Exercise aim
Each line below must be set down exactly; omit any image you find.

Data segment
:::::

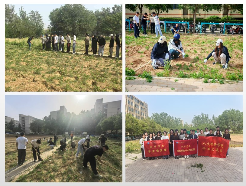 5月7日下午,知行一站式学生社区6号楼功能型党支部联合会计学院学生第四党支部、人文政法学院学生党支部在“知行·百草园”劳动教育实践基地开展“浇植育苗映党心”联合党日活动。师生党员们带着期许,浇灌向日葵苗儿,浸透汗水的身影与土地相映成画,专注的面庞化作青春担当的鲜明注脚,勾勒出践行劳动精神的生动图景。
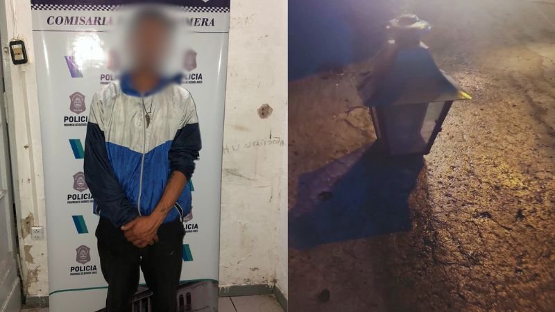 Personal policial procedió a la aprehensión de un hombre de 35 años que momentos antes, había sustraído un farol de luminaria de una vivienda ubicada en calle General Paz, entre Quirno y Sarmiento.
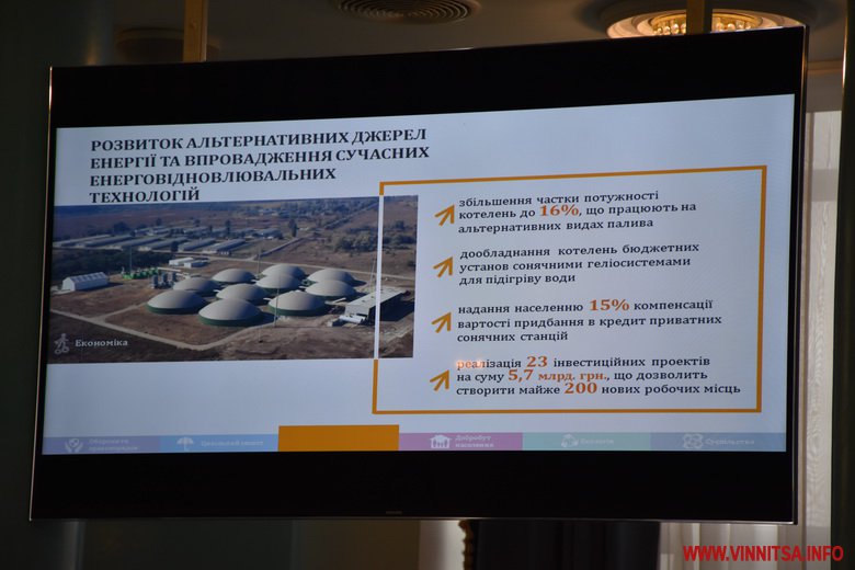 В 2016 році приватними інвесторами в галузі альтернативної енергетики заплановано продовження реалізації 23 інвестиційних проектів на суму понад 5,5 млрд. гривень, що дозволить створити додатково майже 200 нових робочих місць. Заплановано відновлення малих гідроелектростанцій на суму 4,5 млн. гривень. Будівництво комплексів по переробці відходів сільськогосподарського виробництва в біогаз – на суму понад 1 млрд. гривень. Встановлення лінії по переробці відходів сільськогосподарського виробництва в паливні брикети і пелети – 2 проекти на суму майже 8 млн. гривень.

:::::

Written solution
 5月7日下午,知行一站式学生社区6号楼功能型党支部联合会计学院学生第四党支部、人文政法学院学生党支部在“知行·百草园”劳动教育实践基地开展“浇植育苗映党心”联合党日活动。师生党员们带着期许,浇灌向日葵苗儿,浸透汗水的身影与土地相映成画,专注的面庞化作青春担当的鲜明注脚,勾勒出践行劳动精神的生动图景。
 Personal policial procedió a la aprehensión de un hombre de 35 años que momentos antes, había sustraído un farol de luminaria de una vivienda ubicada en calle General Paz, entre Quirno y Sarmiento.
 В 2016 році приватними інвесторами в галузі альтернативної енергетики заплановано продовження реалізації 23 інвестиційних проектів на суму понад 5,5 млрд. гривень, що дозволить створити додатково майже 200 нових робочих місць. Заплановано відновлення малих гідроелектростанцій на суму 4,5 млн. гривень. Будівництво комплексів по переробці відходів сільськогосподарського виробництва в біогаз – на суму понад 1 млрд. гривень. Встановлення лінії по переробці відходів сільськогосподарського виробництва в паливні брикети і пелети – 2 проекти на суму майже 8 млн. гривень.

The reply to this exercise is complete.